What this means for employers and recruiters
If you're on the other side of the table, the paper has uncomfortable implications. Single-model resume screening is no longer defensible as "objective". If your ATS uses GPT-4o to rank applicants and you're hiring for a sales role, you're systematically advantaging candidates who paid for the same model — and that advantage has nothing to do with whether they can sell.

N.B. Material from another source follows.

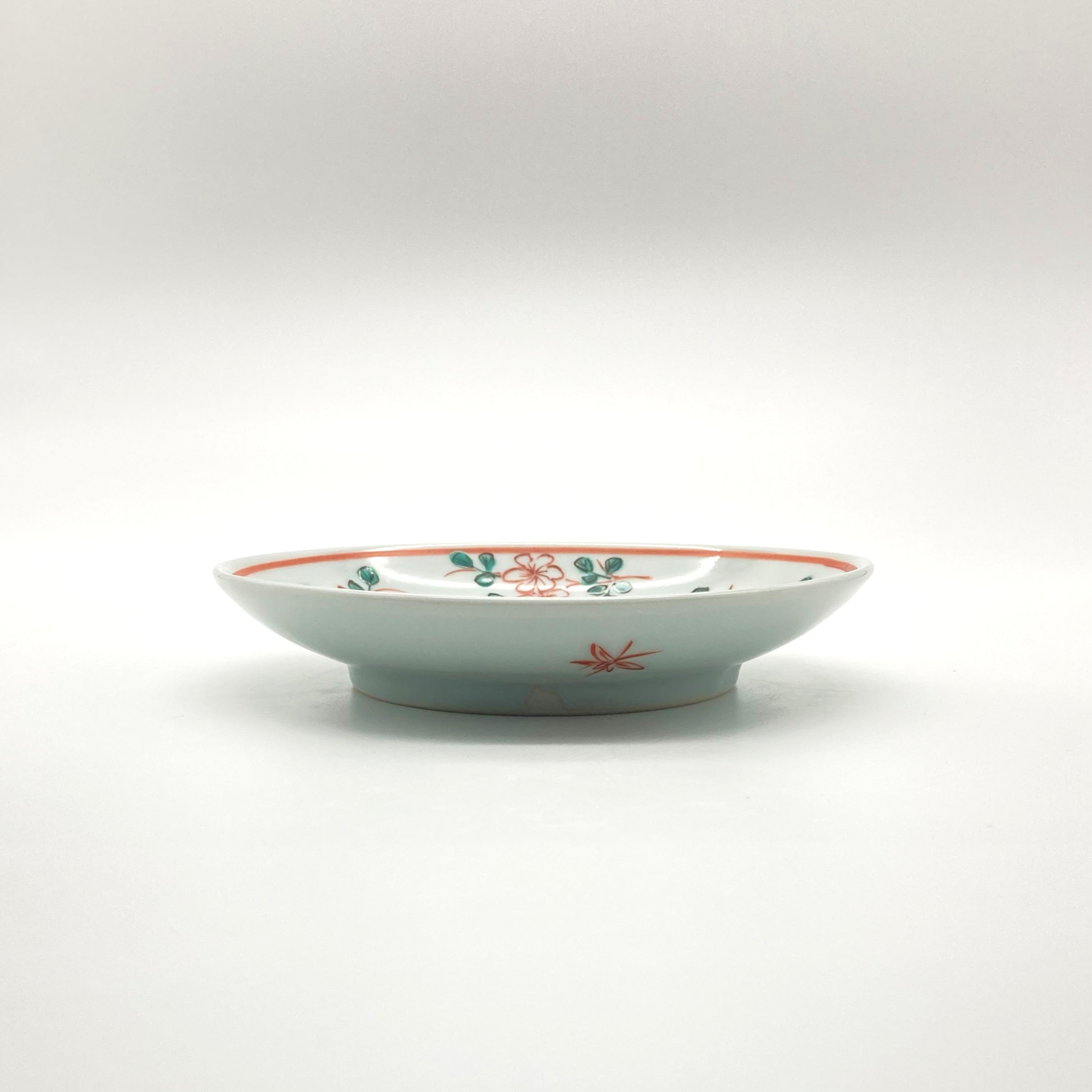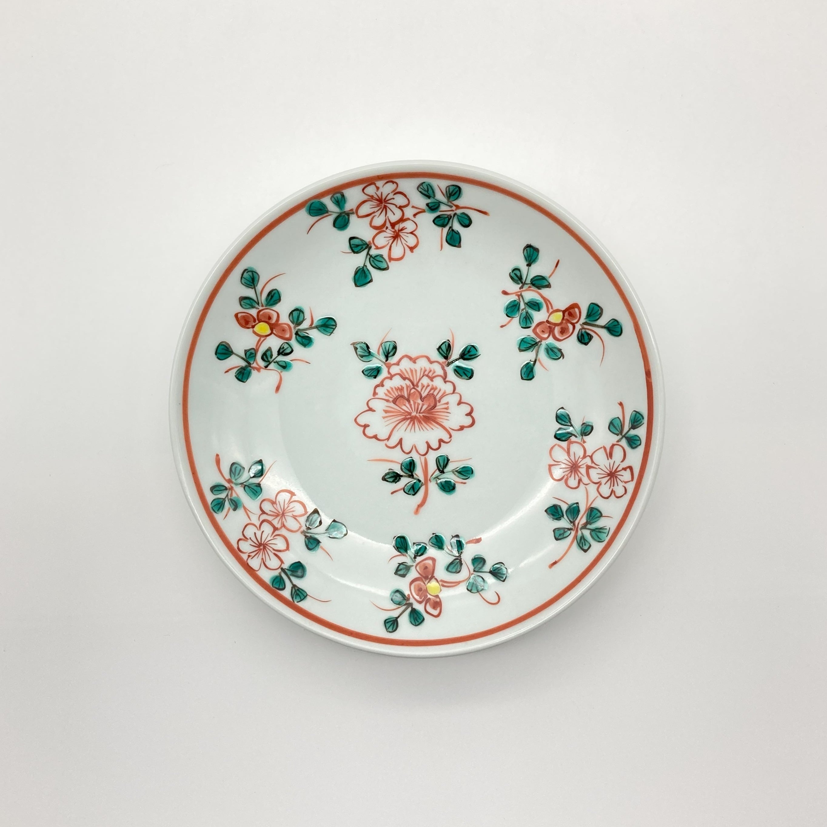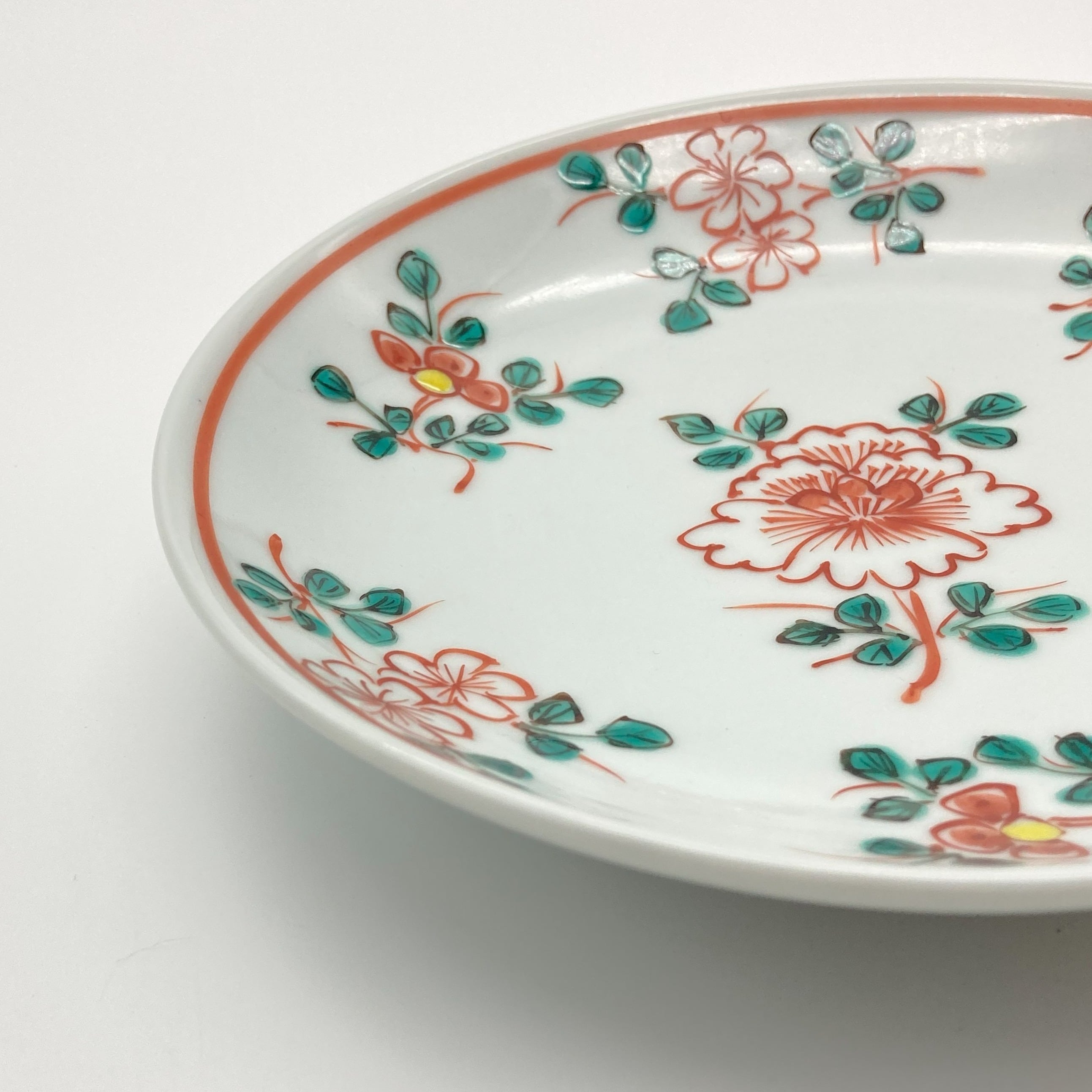 赤絵の牡丹と葉っぱの緑が美しい中~大皿。商品名にある蝶はお皿の外側に。フォーマル過ぎない華やかさは食卓を華やかに演出してくれます。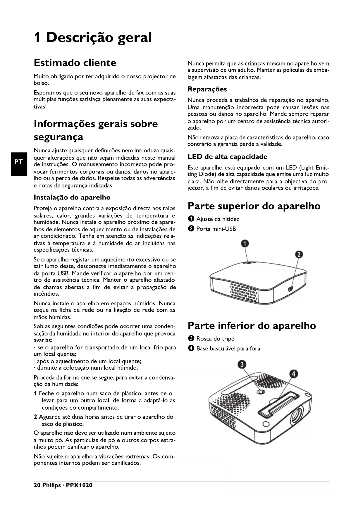 - durante a colocação num local húmido. Proceda da forma que se segue, para evitar a condensa- ção da humidade: 1 Feche o aparelho num saco de plástico, antes de o levar para um outro local, de forma a adaptá-lo às condições do compartimento. 2 Aguarde até duas horas antes de tirar o aparelho do saco de plástico. O aparelho não deve ser utilizado num ambiente sujeito a muito pó. O aparelho não deve ser utilizado num ambiente sujeito a muito pó. As partículas de pó e outros corpos estra- nhos podem danificar o aparelho. Não sujeite o aparelho a vibrações extremas. Não sujeite o aparelho a vibrações extremas. Os com- ponentes internos podem ser danificados. Nunca permita que as crianças mexam no aparelho sem a supervisão de um adulto. Nunca permita que as crianças mexam no aparelho sem a supervisão de um adulto. Manter as películas da emba- lagem afastadas das crianças. Reparações Reparações Nunca proceda a trabalhos de reparação no aparelho. Uma manutenção incorrecta pode causar lesões nas pessoas ou danos no aparelho. Mande sempre reparar o aparelho por um centro de assistência técnica autori- zado. Não remova a placa de características do aparelho, caso contrário a garantia perde a validade. LED de alta capacidade Este aparelho está equipado com um LED (Light Emit- ting Diode) de alta capacidade que emite uma luz muito clara. Não olhe directamente para a objectiva do pro- jector, a fim de evitar danos oculares ou irritações. Parte superior do aparelho ‚ Ajuste da nitidez ƒ Porta mini-USB PicoPix P1 oben Parte inferior do aparelho „ Rosca do tripé … Base basculável para fora PicoPix P1 unten ppx1020_manual_07_pt_253345797-b.book Seite 20 Freitag, 17. September 2010 11:52 11Funcionamento básico 21

The Xu/Li/Jiang study tested two mitigations that worked:
- Prompt-level disclosure. Adding a sentence to the screening prompt — "You should not consider or infer whether resumes were written by a human or by AI. Focus only on content quality." — measurably reduced bias. Cheap, free, partial.
- Majority-vote ensemble. Combining the primary evaluator with two smaller models (e.g. GPT-4o plus LLaMA 3.2-1B and LLaMA 3.2-3B) and using majority vote for the final shortlist decision reduced bias by more than 50%. Smaller models showed near-zero self-preference, so they served as a counterweight to the primary model's bias. More compute, much more fairness.
For EU employers specifically: the AI Act classifies hiring AI as high-risk. Knowing that single-model screening introduces a measurable, non-demographic bias that disadvantages candidates with less access to the same paid AI service likely intersects with the Act's transparency and fairness obligations. Document your mitigation strategy before you need it.
The honest version: should you use AI on your CV at all?
Three honest scenarios. Pick the one that matches your reality.
Scenario A: you're applying to a large corporate that probably ATS-screens with GPT-4o. The 23-60% shortlist edge is real here. Using a major LLM to polish your CV (NOT to draft it) gives you the edge without the obvious tells. Net: use AI carefully.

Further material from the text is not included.